With over 100,000 solar power systems installed in homes in Zimbabwe, according to government figures, off-grid solar power is no longer a revelation for Zimbabwe homeowners. However, despite decades of power shortages, companies are only starting to catch up.
Zimbabwe’s biggest insurance and property firm, Old Mutual Zimbabwe Ltd, now plans to install up to 20MW of rooftop solar panels on all its commercial buildings over the next two years to aid in easing a countrywide power crisis that has begun to drag the profits down.

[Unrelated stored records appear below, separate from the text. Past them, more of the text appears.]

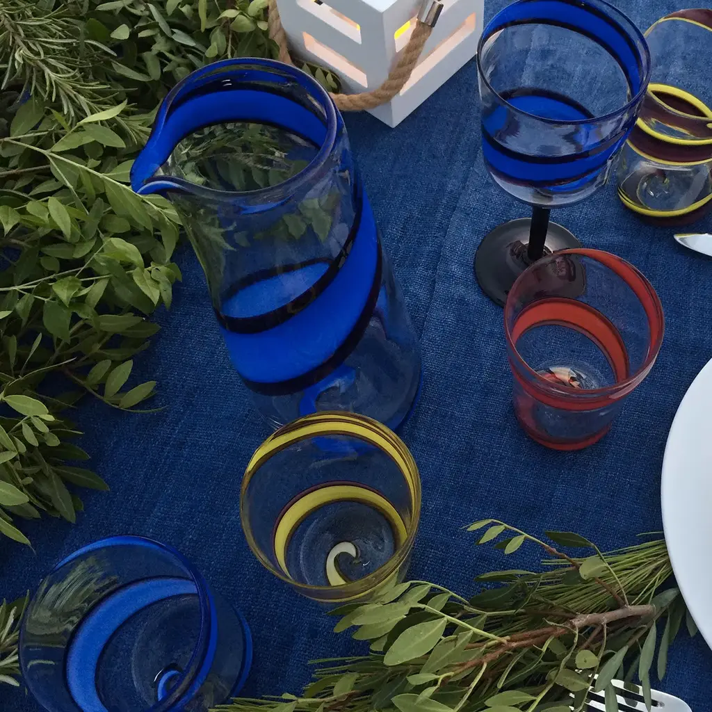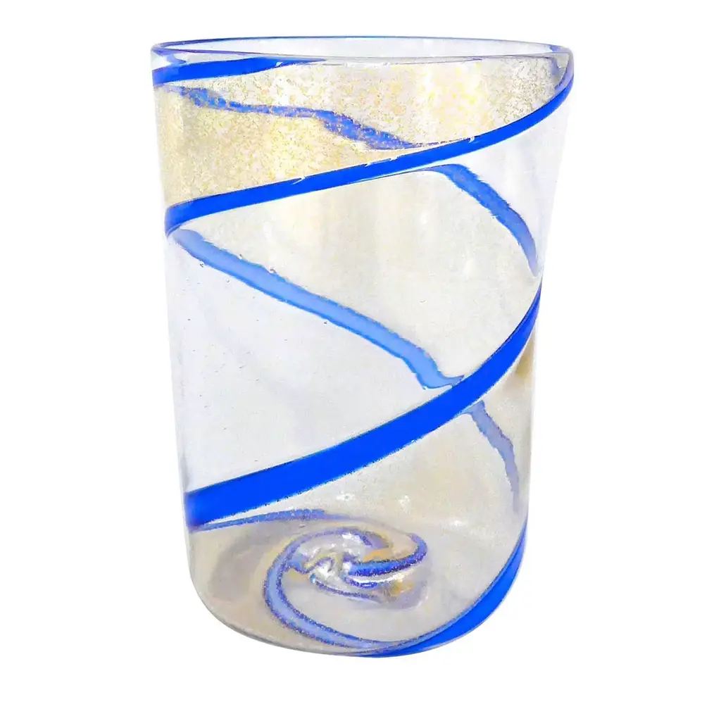 This stunning 24k Gold mouth-blown Murano glass boasts an exquisite decoration that will enliven any occasion. Elegantly combining gold and red, a ribbon curls on the surface of the transparent glass, generating a vortex - hence the name of the collection - that adds a luxurious color to the piece. Either alone, or combined with others hues in the same series, this glass will add a striking decoration also as unique vase for a small floral display. Due to the artisanal methods used in the production of this piece, there might be slight imperfections, marks of true craftsmanship.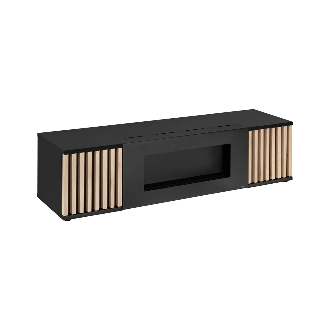 Porta TV Cannettato con biocaminetto, 164x42x45 h cm, Nero e Frassino olivato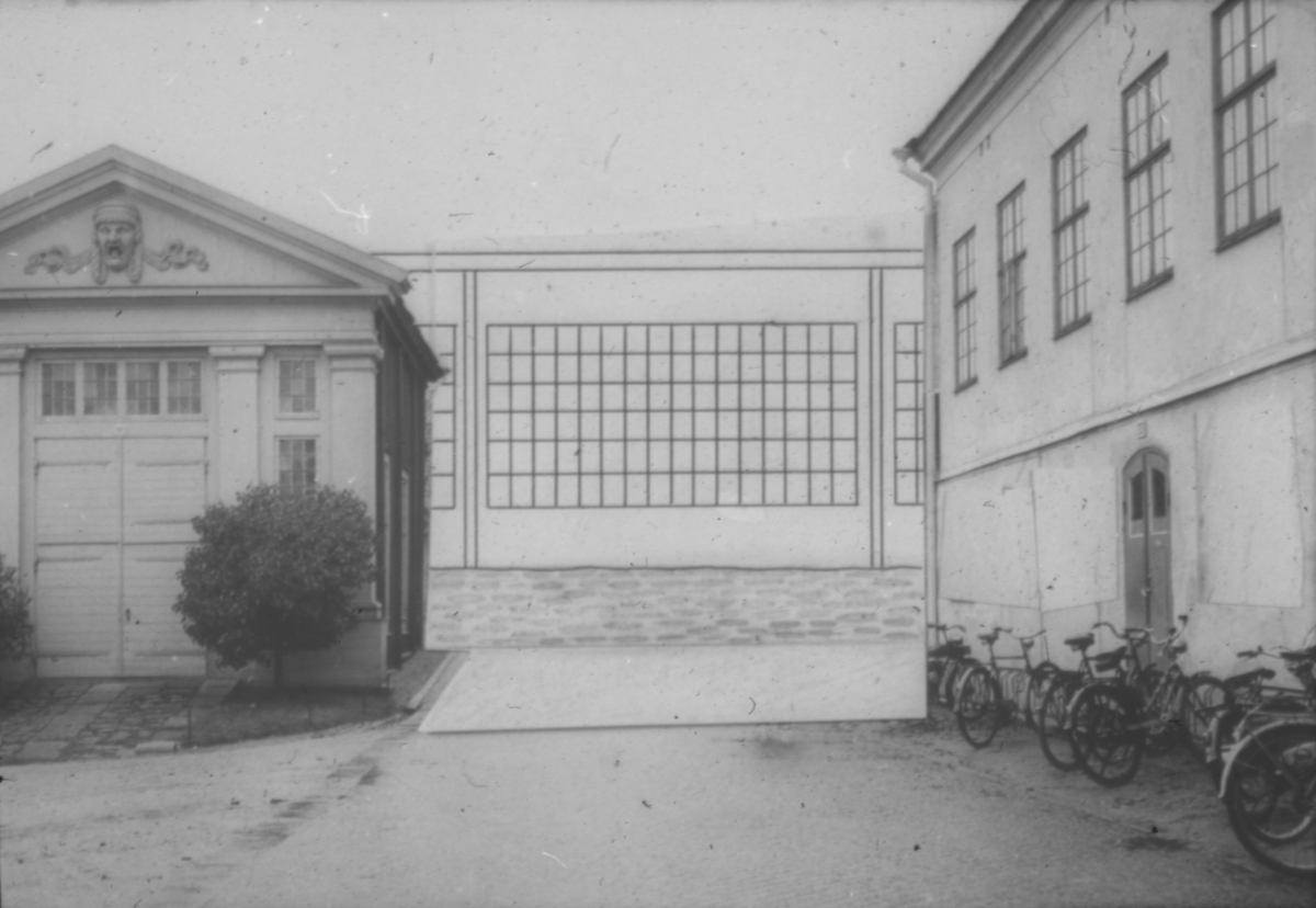 Titel: Bilden visar Bildhuggareverkstaden på örlogsvarvet i Karlskrona sett från Kansligatan.
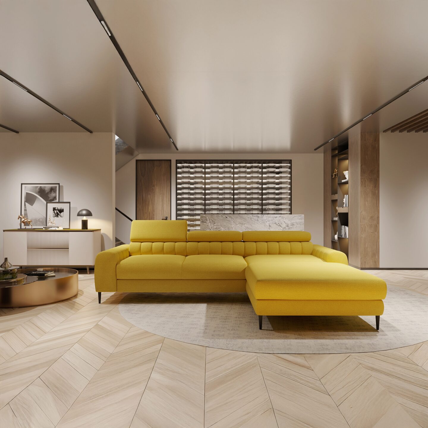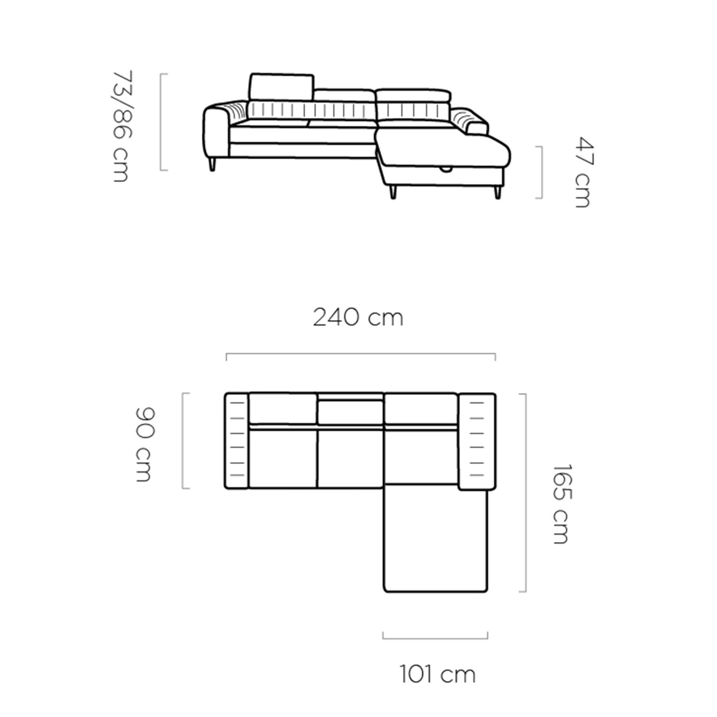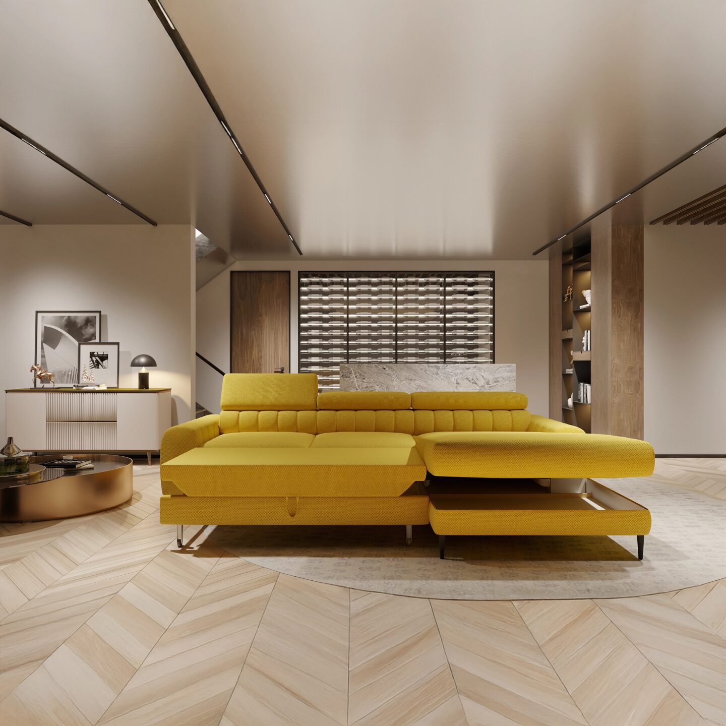 The Navas Mini corner sofa is an elegant and functional piece of furniture that combines modern design with maximum comfort. Equipped with a “Delphin” sleeping function, bedding storage, and three adjustable headrests, it’s a perfect addition to any living room. Its stable pinewood and MDF construction, combined with a type B sinuous spring and T-1818 foam, guarantees durability, while the 14 cm metal legs add a touch of lightness and modern style.

According to the Confederation of Zimbabwe Industries, ZESA Holdings struggles to generate enough electricity to meet high demands; power outages have slowed businesses in the recent years. Around 2015-2016, industrial production fell by more than 50%, as drought hit hydropower production in much of southern Africa.
At the moment, a growing share of companies are taking solar power not only as an alternative to the grid but also as a way to cut costs and keep businesses going in a country whose energy costs can be a substantial drain on businesses.
The progress so far is however slow, though picking up speed.
The chief executive of Oxygen Africa Ltd, Simba Mhuriro , says that by securing clean reliable power in its buildings, it will benefit its commercial tenants who rely on consistent availability of power.
The company has since begun a technical study which is meant to establish how power consumption operates at the Old Mutual properties in question, using a $1M grant from the African Development Bank.
Mhuriro said that the project will provide power for lighting, heating and for operating office equipment and small machinery, such as sewing machines, for above 8,000 small businesses renting space from Old Mutual’s $500 M property portfolio, which spans offices, homes and shopping malls.
Zimbabwe’s government needs $3BN in aid to meet its goals to expand off-grid solar power laid out in a government plan drawn up as part of the Paris Agreement on climate change.